As we know, student-centered classrooms shift the attention from the teachers to the students, as students are encouraged to take responsibility for their own learning. One way to help students learn to do this is by providing many opportunities for student reflection. Student reflection requires that students give serious thought or consideration to something that has been done. It helps them develop the ability to make discernments when problem-solving. It also encourages flexibility in thinking.
Student reflection generally takes place after a task has ended, but it can also be done at set points throughout the task itself. Reflection can be done alone, and it can be done with others. Both are extremely beneficial to the student. As students learn to reflect, they become more fully engaged in the process of making meaning of their work and experiences.

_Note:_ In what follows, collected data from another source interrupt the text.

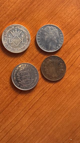Set di quattro monete antiche di diversi paesi ed epoche. - Moneta con scudo e corona. - Moneta con profilo di donna e REPUBBLICA ITALIANA. - Moneta del Venezuela DUE BOLIVARES 1990. - Moneta con corona d'alloro e FRATERNITE. - Materiali vari, tra cui argento e bronzo.
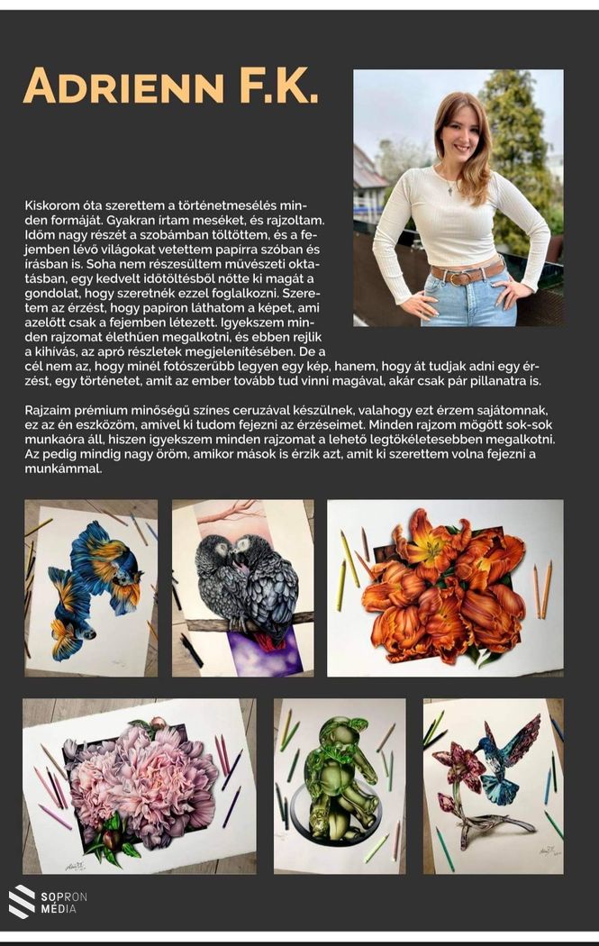 A Soproni Petőfi Színház épülete ad otthont annak a csodálatos kiállításnak, mely a Színek és részletek címet kapta. Adrienn F. K. soproni művész képei színes ceruzával készülnek, amit első ránézésre nem mondanánk meg, hisz annyira részletgazdagok, hogy már-már fotóminőségben készülnek.
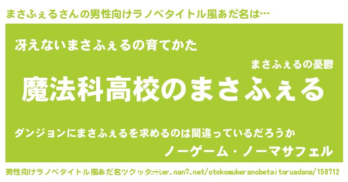 | 女子向けラノベタイトル風あだ名 | 『まさふぇるなんてお断りですっ。』 |
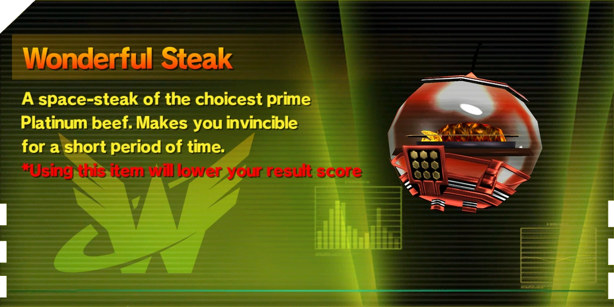 Wonderful Steaks are special healing items that fully restore your Vitality Gauge and also make you invincible for 20 seconds when used. They can be purchased from the Wonderful Mart, found well-hidden in some levels, or mixed using 30 Space Peppers and 10 Space Eggplants.
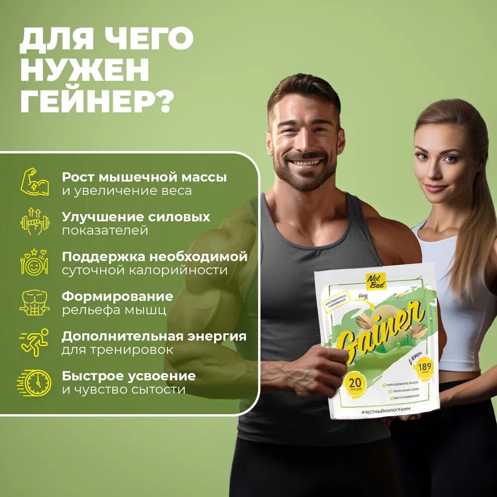 Гейнер NotBad с быстрыми углеводами, 1000 г, фисташковое мороженое
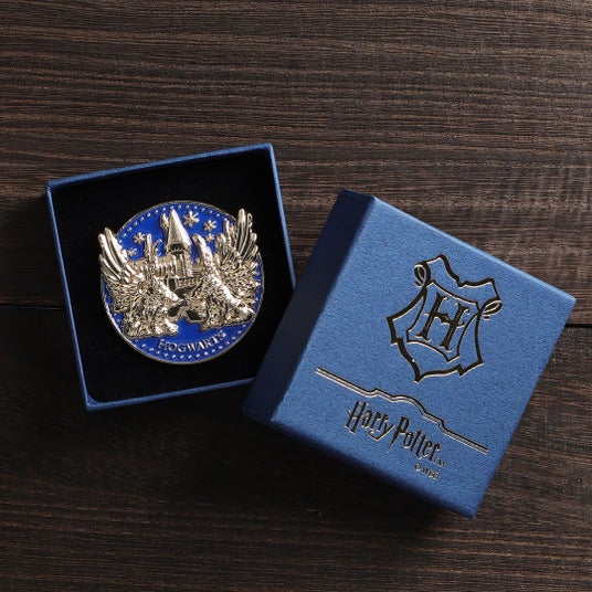 ハリー・ポッター マホウドコロ 栄公園店でしか購入できないコイン型のピンバッジです。栄公園店の店内ではホグワーツ城の入り口にある羽イノシシのモニュメントを設置していることから、ホグワーツ城と羽イノシシを用いた門からホグワーツ城を眺めたときのようなワクワクするデザインになっています。裏には2店舗目のマホウドコロの店舗であることを表す星の刻印がふたつ押されています。
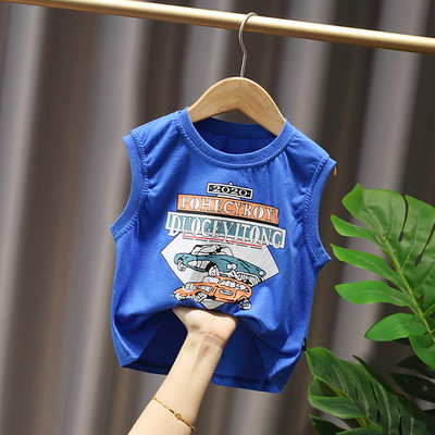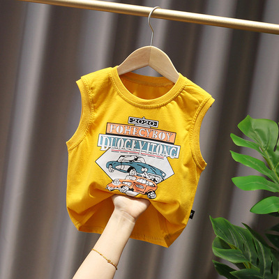 아동복 2023 여름 신상품 아동용 투피스 카 프린트 한국식 남아 민소매 조끼 세트 트렌디

Here are a few ways to incorporate student reflection into a learning environment:
Create an emotionally caring environment where reflection is safe. When students feel that they will not be mocked, ridiculed, or brushed off, they are generally more willing to try new things. Student reflection is not something that every student has experience with, and it is important for them to feel that it is okay to take the risk of judging their own thinking and actions. Make the classroom a less rigid learning environment that encourages exploration and discovery.
Provide sufficient wait time after a question is asked. Oftentimes, teachers ask questions but fail to give the students sufficient time to think their way to a response. When teachers make an effort to wait just a little bit longer than usual for students to reply, they often get surprising results. The student that never seems to have a sensible answer may reveal that they are actually a deep thinker who just needs a little more time to get their thoughts together. With guidance, students can learn to give each other time to respond as well when they are working in cooperative groups. A message of respect spreads throughout the classroom. Students begin to realize that it’s not necessary to blurt out answers. It’s okay to take the time that’s needed to think things through.
Encourage reassessments of judgments. Sometimes, students will right away draw a conclusion about an occurrence. They may feel that they know exactly what went wrong, end of discussion. When students learn to reevaluate conclusions, they’re learning to look at a situation from more than one angle. They’re learning that there may be more than one conclusion that can actually be drawn—perhaps leading them to do things differently in the future. Use open-ended questions to help stimulate reflective thinking in this area.
Conduct frequent reviews of learning situations. One of the best ways to do this is to encourage students to reflect on what they already know about a topic, what they want to find out about it, and, eventually, what they have just learned about the topic. Many teachers use KWL charts to help students reflect on what they’re learning about a new topic.
Allow time for journaling. Journaling can be a place for reflection where students are able to be completely open with themselves. They don’t have to worry about how they may be perceived by others, as journals are meant to be a private space. Ask them to reflect on occurrences where there may be opposing views. Model how to acknowledge opposing views as well as weaknesses in one’s own viewpoint. This helps students discover how to critique their own thinking and then build upon strengths.
Student reflection is a wonderful way to help students figure out how to think more clearly during situations that require complex problem-solving, as it links current learning with past learning. During reflection, students are able to take a step back to ponder how they actually approach problems. What are their go-to strategies? They can give thought to which problem-solving strategies are best suited for reaching their goals.
When students learn to reflect on their own process of thinking, good things are sure to follow. How will you include opportunities for student reflection in your next set of classroom resources and materials?